_Your assignment:_ Leave the pictures out and write out exactly the lines from the top of the entries through the line containing "Beim Klettern am".

_Available data:_
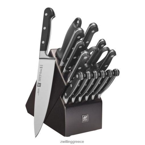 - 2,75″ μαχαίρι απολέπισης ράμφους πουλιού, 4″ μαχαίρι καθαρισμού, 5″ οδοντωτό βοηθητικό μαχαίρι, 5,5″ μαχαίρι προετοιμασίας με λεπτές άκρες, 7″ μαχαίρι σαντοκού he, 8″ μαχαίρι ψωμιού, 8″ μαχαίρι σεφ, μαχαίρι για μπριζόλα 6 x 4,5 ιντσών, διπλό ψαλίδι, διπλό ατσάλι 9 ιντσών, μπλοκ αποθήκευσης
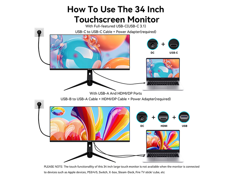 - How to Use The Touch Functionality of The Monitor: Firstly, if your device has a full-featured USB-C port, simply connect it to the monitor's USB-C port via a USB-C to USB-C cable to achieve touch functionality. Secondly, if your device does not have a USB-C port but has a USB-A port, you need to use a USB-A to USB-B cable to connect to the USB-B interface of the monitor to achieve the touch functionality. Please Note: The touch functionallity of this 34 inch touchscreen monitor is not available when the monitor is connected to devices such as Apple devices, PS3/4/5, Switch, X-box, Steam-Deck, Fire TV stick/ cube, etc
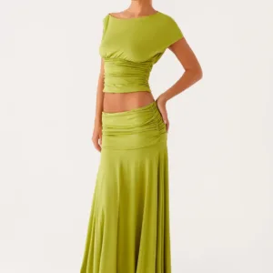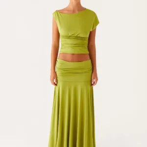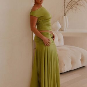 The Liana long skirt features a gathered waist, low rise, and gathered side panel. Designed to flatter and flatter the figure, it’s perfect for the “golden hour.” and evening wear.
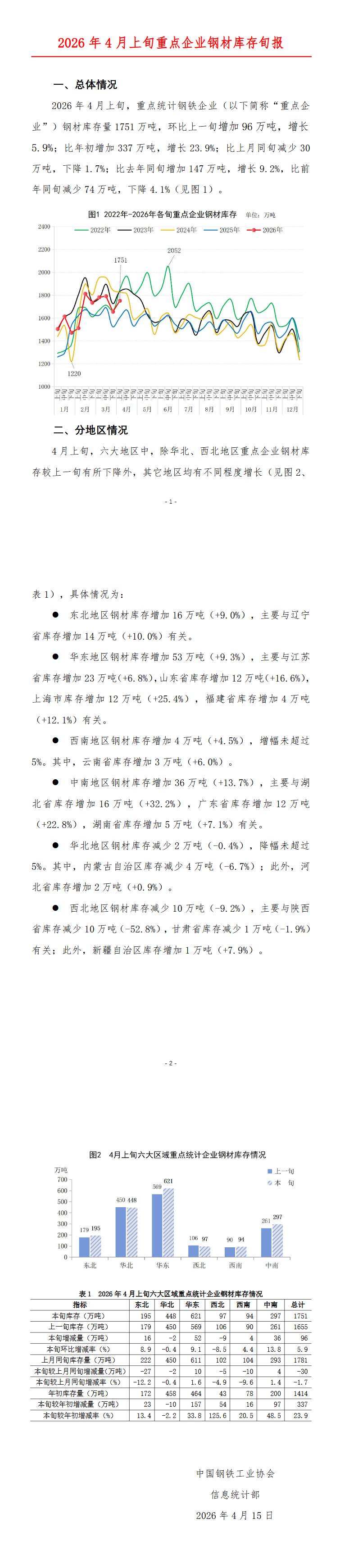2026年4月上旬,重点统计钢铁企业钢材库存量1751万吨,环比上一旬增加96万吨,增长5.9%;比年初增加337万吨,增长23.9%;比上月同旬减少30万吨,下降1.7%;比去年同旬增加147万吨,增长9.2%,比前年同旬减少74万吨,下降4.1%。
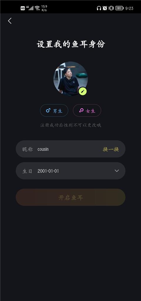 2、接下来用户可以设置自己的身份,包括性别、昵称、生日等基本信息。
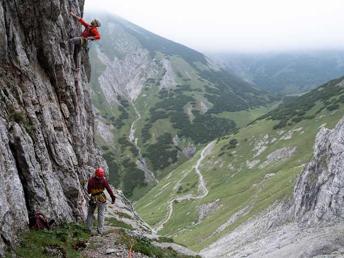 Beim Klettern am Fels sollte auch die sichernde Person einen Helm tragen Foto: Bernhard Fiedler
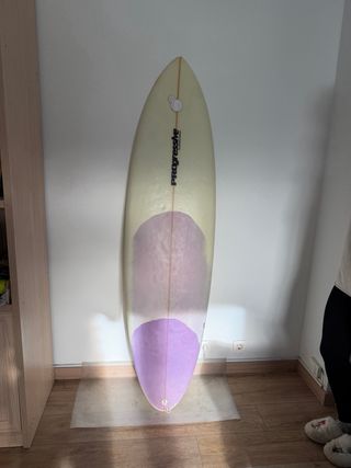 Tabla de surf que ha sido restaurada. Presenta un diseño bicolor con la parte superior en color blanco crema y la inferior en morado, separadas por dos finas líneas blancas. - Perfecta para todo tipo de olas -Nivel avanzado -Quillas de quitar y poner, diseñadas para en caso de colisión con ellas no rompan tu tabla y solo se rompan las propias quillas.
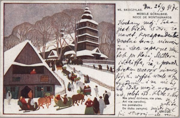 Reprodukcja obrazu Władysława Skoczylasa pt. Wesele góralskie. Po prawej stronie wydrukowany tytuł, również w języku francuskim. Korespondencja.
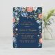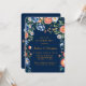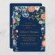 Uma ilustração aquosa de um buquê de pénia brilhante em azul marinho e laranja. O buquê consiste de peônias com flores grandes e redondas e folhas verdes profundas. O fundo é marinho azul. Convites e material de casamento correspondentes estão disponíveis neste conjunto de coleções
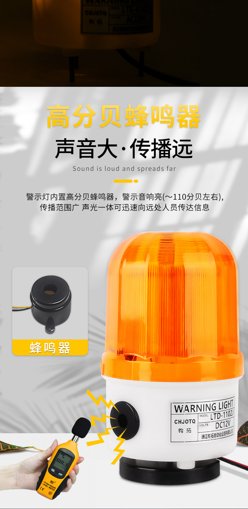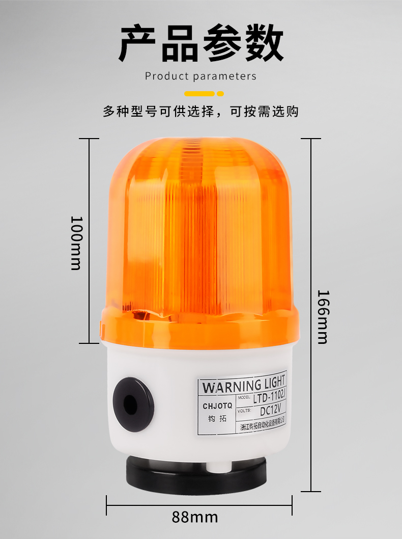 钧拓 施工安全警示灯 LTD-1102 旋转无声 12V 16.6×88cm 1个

_Response box:_
 - 2,75″ μαχαίρι απολέπισης ράμφους πουλιού, 4″ μαχαίρι καθαρισμού, 5″ οδοντωτό βοηθητικό μαχαίρι, 5,5″ μαχαίρι προετοιμασίας με λεπτές άκρες, 7″ μαχαίρι σαντοκού he, 8″ μαχαίρι ψωμιού, 8″ μαχαίρι σεφ, μαχαίρι για μπριζόλα 6 x 4,5 ιντσών, διπλό ψαλίδι, διπλό ατσάλι 9 ιντσών, μπλοκ αποθήκευσης
 - How to Use The Touch Functionality of The Monitor: Firstly, if your device has a full-featured USB-C port, simply connect it to the monitor's USB-C port via a USB-C to USB-C cable to achieve touch functionality. Secondly, if your device does not have a USB-C port but has a USB-A port, you need to use a USB-A to USB-B cable to connect to the USB-B interface of the monitor to achieve the touch functionality. Please Note: The touch functionallity of this 34 inch touchscreen monitor is not available when the monitor is connected to devices such as Apple devices, PS3/4/5, Switch, X-box, Steam-Deck, Fire TV stick/ cube, etc
 The Liana long skirt features a gathered waist, low rise, and gathered side panel. Designed to flatter and flatter the figure, it’s perfect for the “golden hour.” and evening wear.
2026年4月上旬,重点统计钢铁企业钢材库存量1751万吨,环比上一旬增加96万吨,增长5.9%;比年初增加337万吨,增长23.9%;比上月同旬减少30万吨,下降1.7%;比去年同旬增加147万吨,增长9.2%,比前年同旬减少74万吨,下降4.1%。
 2、接下来用户可以设置自己的身份,包括性别、昵称、生日等基本信息。
 Beim Klettern am Fels sollte auch die sichernde Person einen Helm tragen Foto: Bernhard Fiedler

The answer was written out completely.